Nous Research has quietly launched Hermes 4, a family of AI language models that the company claims matches leading commercial systems while removing most content restrictions. Michael Nuñez reports about the release for VentureBeat.
Unlike ChatGPT or Claude, Hermes 4 responds to nearly any request without safety guardrails that have become standard in commercial AI systems. The model scored 57.1% on “RefusalBench,” a test measuring how often AI systems refuse to answer questions, significantly outperforming GPT-4o at 17.67% and Claude Sonnet 4 at 17%.

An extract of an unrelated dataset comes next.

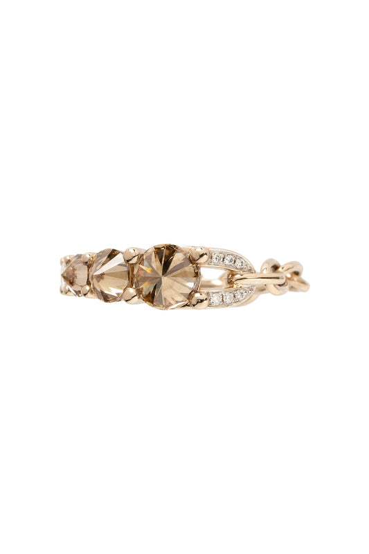 Anel River Chain de diamantes brown com diamantes brancos em ouro 18k branco

The startup’s largest 405-billion parameter model achieved 96.3% on the MATH-500 benchmark and 81.9% on the challenging AIME’24 mathematics competition. These scores rival proprietary systems that cost millions more to develop.
Hermes 4 introduces “hybrid reasoning,” allowing users to toggle between fast responses and deeper thinking processes. The system shows its internal reasoning before providing final answers, similar to OpenAI’s o1 models but with full transparency.
The models were trained using 192 Nvidia B200 GPUs and two novel systems: DataForge for synthetic data generation and Atropos for reinforcement learning. The training process required 71,616 GPU hours for the largest model.
Nous Research raised $65 million earlier this year and positions itself as an advocate for open-source AI without corporate content policies. The models are available through Hugging Face downloads and API access.